**ABOUT THIS EXERCISE:** For this exercise, return only the lines in the records below from the one holding "Prodloužená přikrývka je" through the one holding "Ну и посмотрим, как", including both, exactly as they appear and without pictures.

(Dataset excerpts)
========

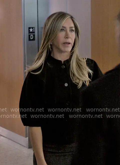 Alex Levy (played by Jennifer Aniston) on The Morning Show on Apple TV was spotted wearing this black puff-sleeve jacket on The Morning Show on episode 'Knowing Violation' (4x10) in Nov 2025. Alex's Jacket is the Jacket with Puff Sleeves by Dior.
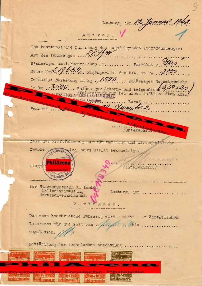 Gouvernement général GG: demande d'immatriculation d ' un camion GAZ, 1942
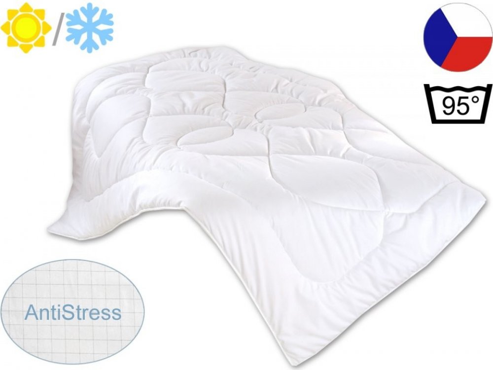 Prodloužená přikrývka je výjimečná měkkostí, lehkostí, vzdušností a příjemnou hřejivostí. Při spánku se krásně obemkne kolem celého těla a přispivá tak k pohodlnému a nerušenému spánku. Díky speciální povrchové úpravě s antistatickými carbonovými vlákny je spánek v přikrývkách AntiStress uvolněnější a klidnější.
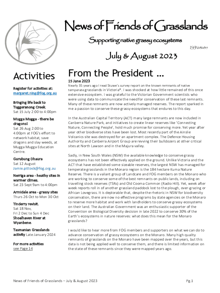 This newsletter outlines the activities, advocacy reports, and updates from the Friends of Grasslands, focusing on the conservation of native grassy ecosystems and ongoing projects related to habitat restoration, biodiversity, and invasive species management in Australia.
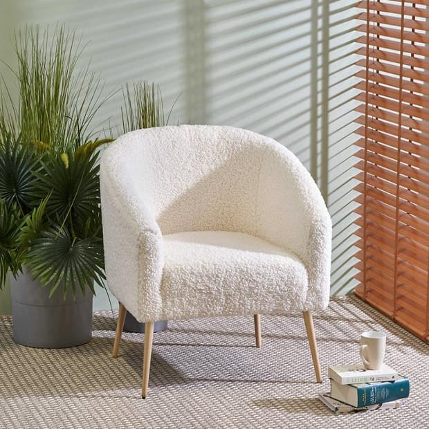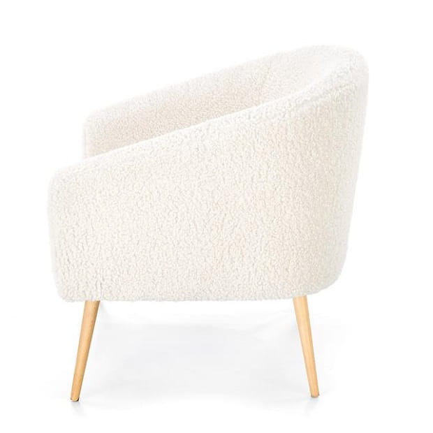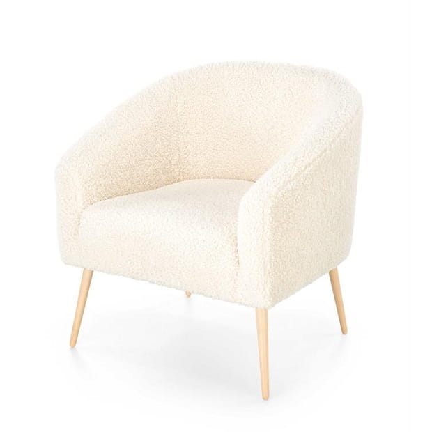 Siadając w fotelu Harlin II można nieco cofnąć się w czasie. Mebel obity jest tkaniną bouclé, która przypomina powracające do mody meble z lat młodości. Tkanina wykonana jest w sposób „pętelkowy”, więc z pewnością jest meblem bardzo oryginalnym, który ogrzeje każde pomieszczenie. Jego kremowy kolor wpasuje się we wszystkie wnętrza, jest bardzo uniwersalny.
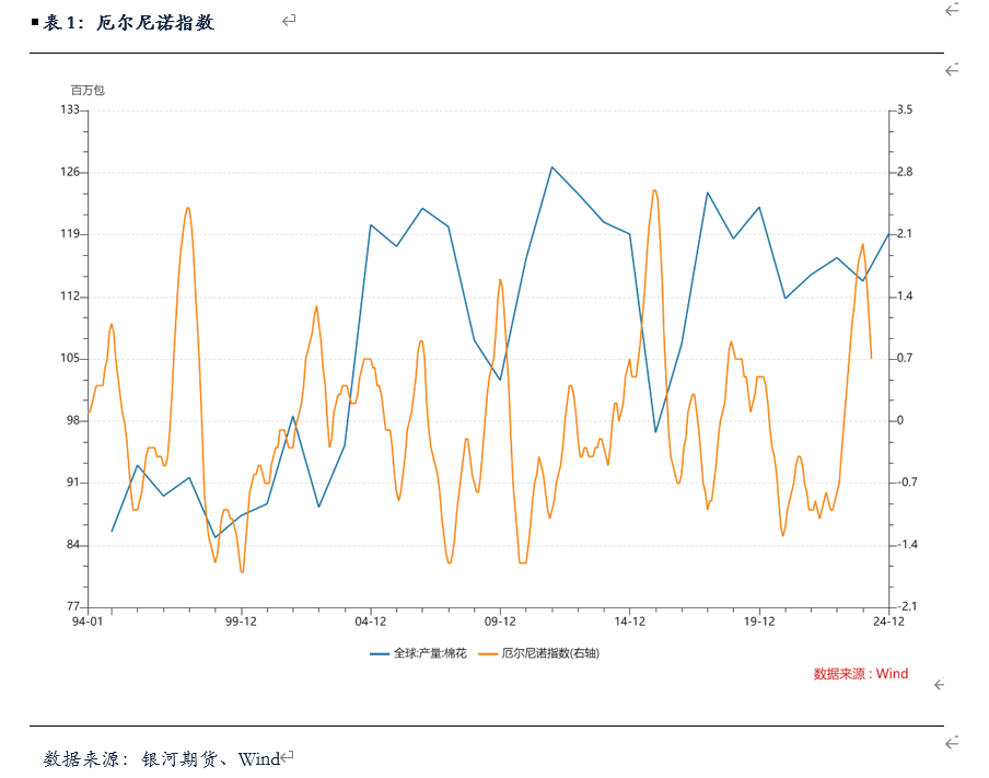 厄尔尼诺指数高往往对应着棉花产量的下降,现在厄尔尼诺指数下降明显但未形成拉尼娜,北半球主产棉区新棉生长期一般到9-10月份就结束了,从目前来看拉尼娜预计在这段时间之前完全形成的概率不大,目前气候仍比较适宜棉花生长,预计今年棉花丰产的概率较大。
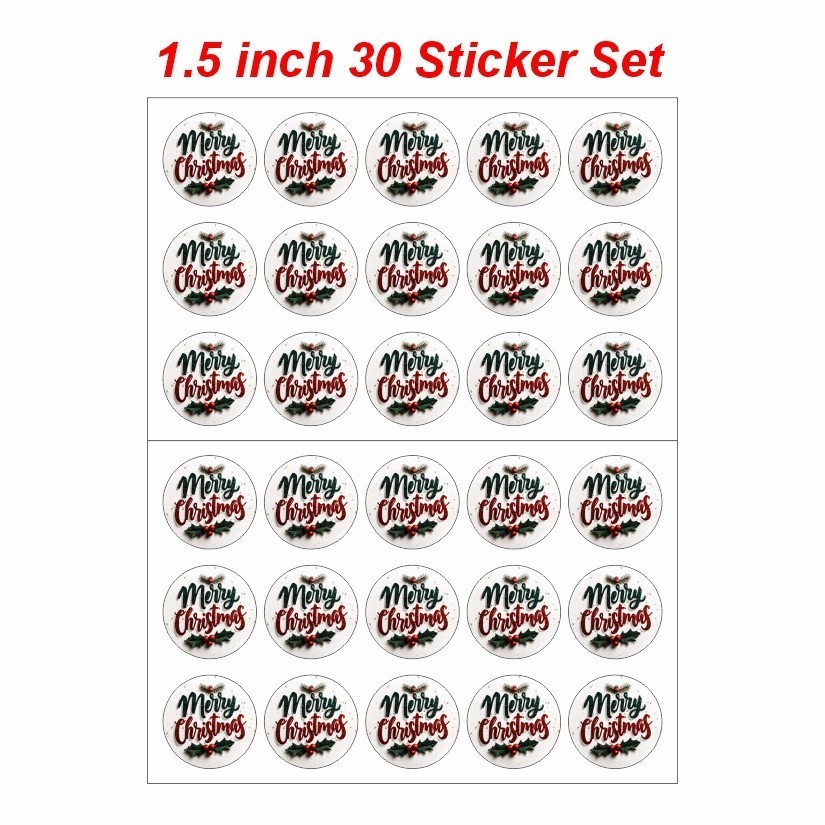 Merry Christmas Round Dot Stickers Set, 1.2" & 1.5"
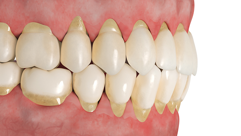 잇몸질환이 시작되면 잇몸이 치아를 제대로 감싸지 못해 잇몸과 치아가 내려앉습니다.
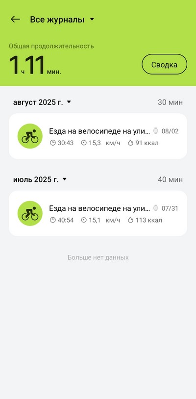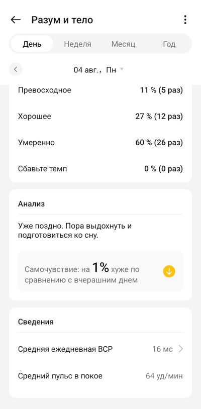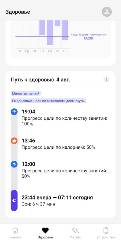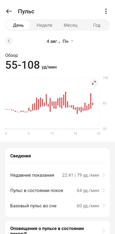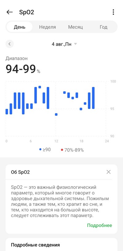 Ну и посмотрим, как в приложении выглядят сделанные на часах измерения.
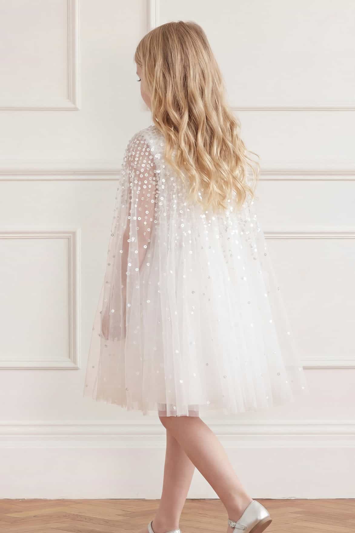 NEW SEASON. The Moonlight Sequin Cape Kids Dress in Swan White. Inspired by the shimmer of moonlit skies, this kids dress features delicate sequin detailing across a relaxed silhouette. Finished with a flowing cape detail and a softly layered skirt, it creates magical movement. A beautiful choice for a special occasion.
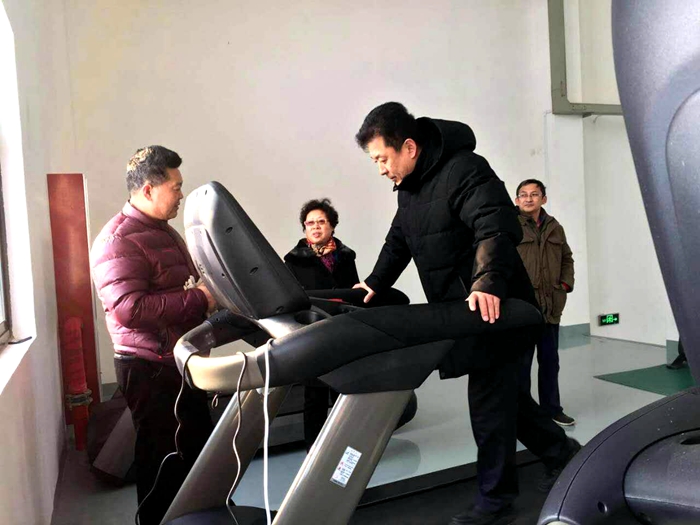 孙祥斌一行一边现场查看场馆一边听取活动中心主任情况汇报,并与大家亲切交谈。孙祥斌对教职工活动中心自2018年1月3日试运行以来精心服务,特别是寒假期间一直坚持每天下午三点到晚上九点开放,为广大教职工提供卫生整洁舒适的健身环境给予充分肯定,对一线员工“雪情就是命令”,第一时间除雪除冰方便大家表示赞赏,听到教职员工积极健身、非常满意的反馈也十分高兴。孙祥斌还对教职工活动中心试运行期间发现的地面排水不畅等问题作了进一步安排。
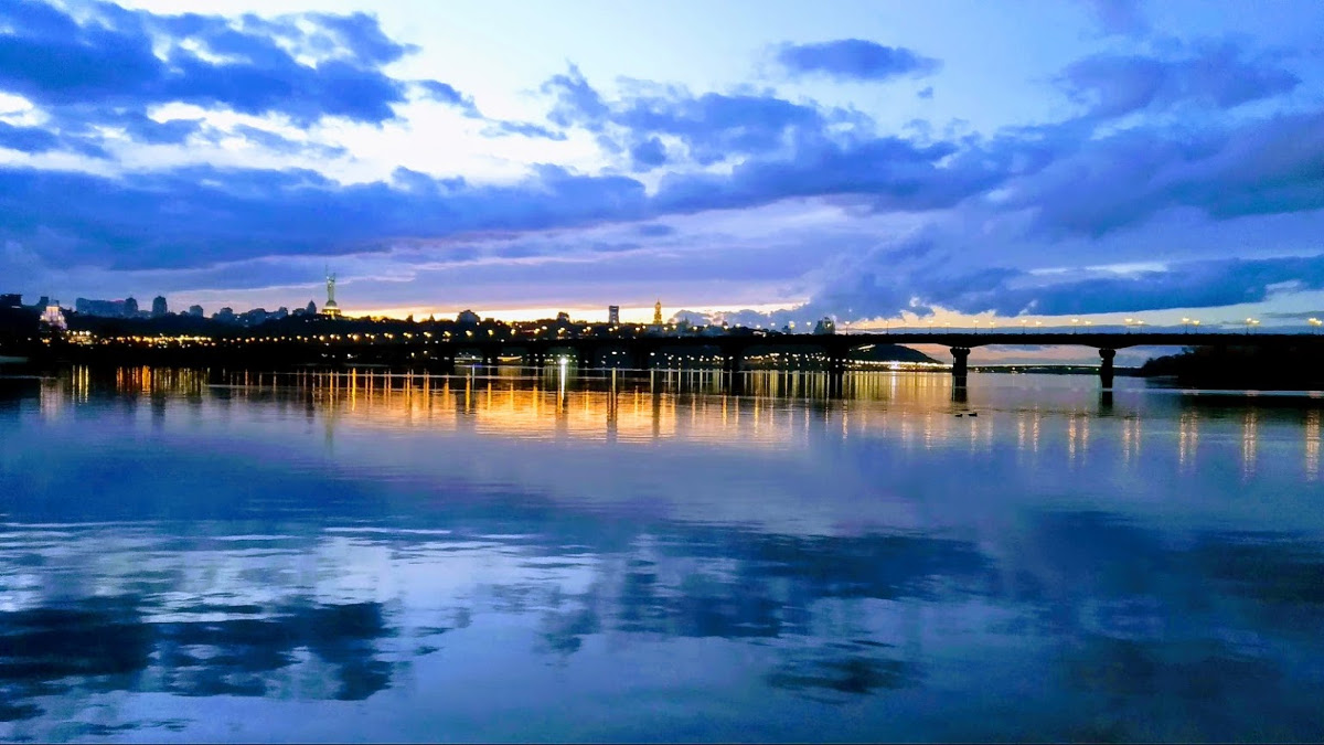 Прекрасна вечірня панорама моста Патона при включених ліхтарях на тлі освітленної прожекторами статуї Батьківщини-матері.
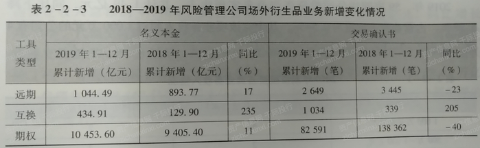 表 2018-2019年风险管理公司场外衍生品业务新增变化情况

========

**SOLUTION FOR THIS EXERCISE:**
 Prodloužená přikrývka je výjimečná měkkostí, lehkostí, vzdušností a příjemnou hřejivostí. Při spánku se krásně obemkne kolem celého těla a přispivá tak k pohodlnému a nerušenému spánku. Díky speciální povrchové úpravě s antistatickými carbonovými vlákny je spánek v přikrývkách AntiStress uvolněnější a klidnější.
 This newsletter outlines the activities, advocacy reports, and updates from the Friends of Grasslands, focusing on the conservation of native grassy ecosystems and ongoing projects related to habitat restoration, biodiversity, and invasive species management in Australia.
 Siadając w fotelu Harlin II można nieco cofnąć się w czasie. Mebel obity jest tkaniną bouclé, która przypomina powracające do mody meble z lat młodości. Tkanina wykonana jest w sposób „pętelkowy”, więc z pewnością jest meblem bardzo oryginalnym, który ogrzeje każde pomieszczenie. Jego kremowy kolor wpasuje się we wszystkie wnętrza, jest bardzo uniwersalny.
 厄尔尼诺指数高往往对应着棉花产量的下降,现在厄尔尼诺指数下降明显但未形成拉尼娜,北半球主产棉区新棉生长期一般到9-10月份就结束了,从目前来看拉尼娜预计在这段时间之前完全形成的概率不大,目前气候仍比较适宜棉花生长,预计今年棉花丰产的概率较大。
 Merry Christmas Round Dot Stickers Set, 1.2" & 1.5"
 잇몸질환이 시작되면 잇몸이 치아를 제대로 감싸지 못해 잇몸과 치아가 내려앉습니다.
 Ну и посмотрим, как в приложении выглядят сделанные на часах измерения.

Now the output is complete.